- [Data extract]

+ + +

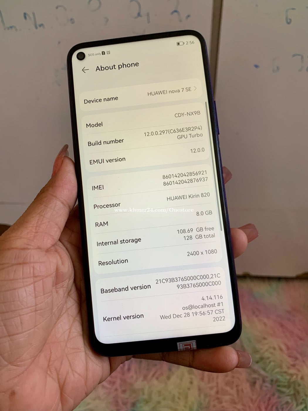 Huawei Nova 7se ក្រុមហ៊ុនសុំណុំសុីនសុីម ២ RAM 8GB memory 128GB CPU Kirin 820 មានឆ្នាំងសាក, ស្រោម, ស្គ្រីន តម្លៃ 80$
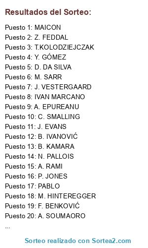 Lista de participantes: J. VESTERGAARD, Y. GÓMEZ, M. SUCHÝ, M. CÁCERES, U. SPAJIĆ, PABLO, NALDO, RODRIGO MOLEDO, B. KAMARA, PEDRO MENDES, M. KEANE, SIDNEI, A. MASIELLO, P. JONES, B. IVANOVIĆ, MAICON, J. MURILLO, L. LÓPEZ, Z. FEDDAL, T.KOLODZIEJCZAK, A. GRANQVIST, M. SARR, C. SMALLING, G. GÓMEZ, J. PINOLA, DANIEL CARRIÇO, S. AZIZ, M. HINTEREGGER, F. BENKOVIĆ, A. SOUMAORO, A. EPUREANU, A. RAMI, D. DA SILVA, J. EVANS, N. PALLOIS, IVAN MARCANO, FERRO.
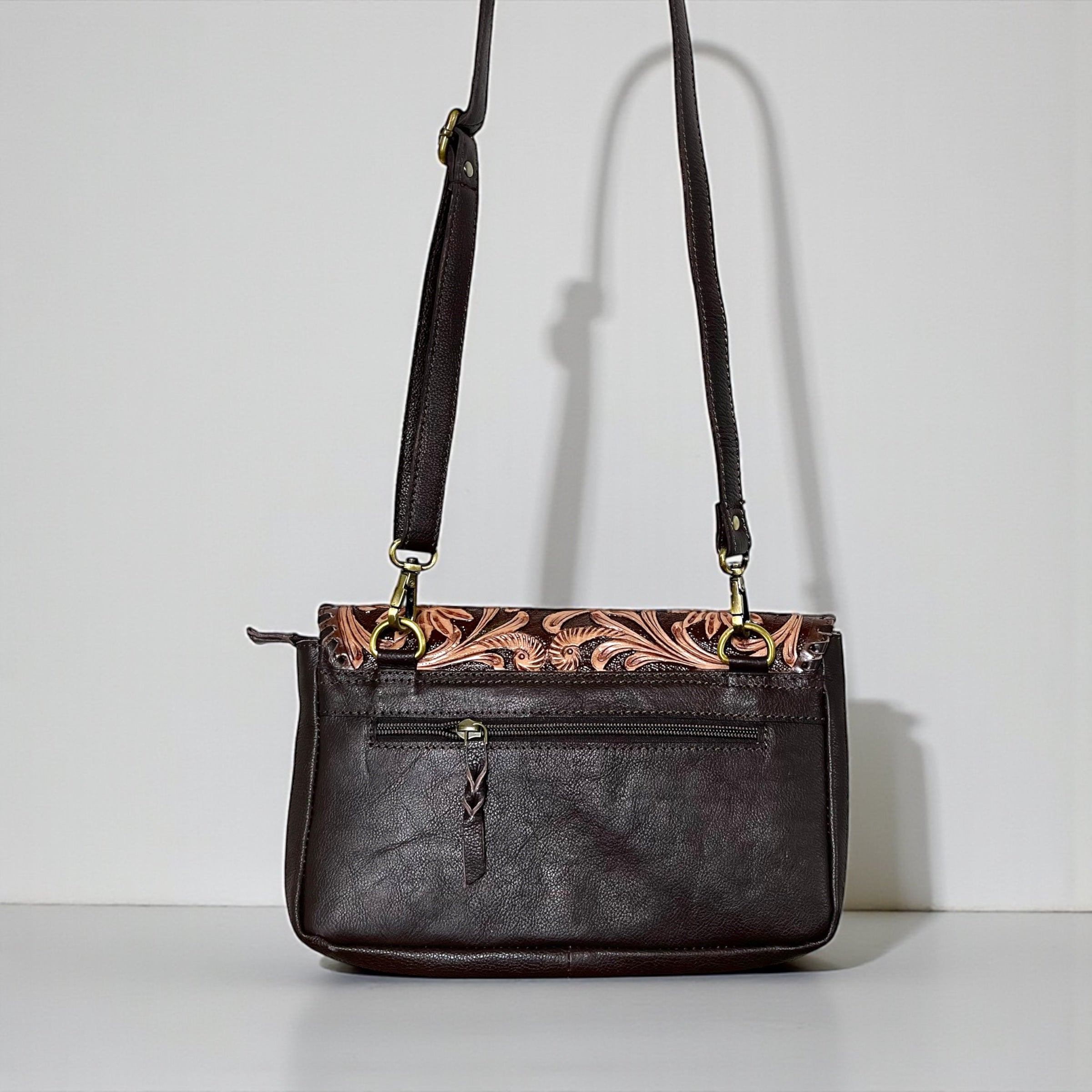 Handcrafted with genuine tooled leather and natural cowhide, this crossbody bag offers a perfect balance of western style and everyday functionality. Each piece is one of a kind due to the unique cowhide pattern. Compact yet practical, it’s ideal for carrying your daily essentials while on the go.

+ + +

- [Work required] Leaving aside the pictures, copy the listing above exactly.

- [Exercise response]
 Huawei Nova 7se ក្រុមហ៊ុនសុំណុំសុីនសុីម ២ RAM 8GB memory 128GB CPU Kirin 820 មានឆ្នាំងសាក, ស្រោម, ស្គ្រីន តម្លៃ 80$
 Lista de participantes: J. VESTERGAARD, Y. GÓMEZ, M. SUCHÝ, M. CÁCERES, U. SPAJIĆ, PABLO, NALDO, RODRIGO MOLEDO, B. KAMARA, PEDRO MENDES, M. KEANE, SIDNEI, A. MASIELLO, P. JONES, B. IVANOVIĆ, MAICON, J. MURILLO, L. LÓPEZ, Z. FEDDAL, T.KOLODZIEJCZAK, A. GRANQVIST, M. SARR, C. SMALLING, G. GÓMEZ, J. PINOLA, DANIEL CARRIÇO, S. AZIZ, M. HINTEREGGER, F. BENKOVIĆ, A. SOUMAORO, A. EPUREANU, A. RAMI, D. DA SILVA, J. EVANS, N. PALLOIS, IVAN MARCANO, FERRO.
 Handcrafted with genuine tooled leather and natural cowhide, this crossbody bag offers a perfect balance of western style and everyday functionality. Each piece is one of a kind due to the unique cowhide pattern. Compact yet practical, it’s ideal for carrying your daily essentials while on the go.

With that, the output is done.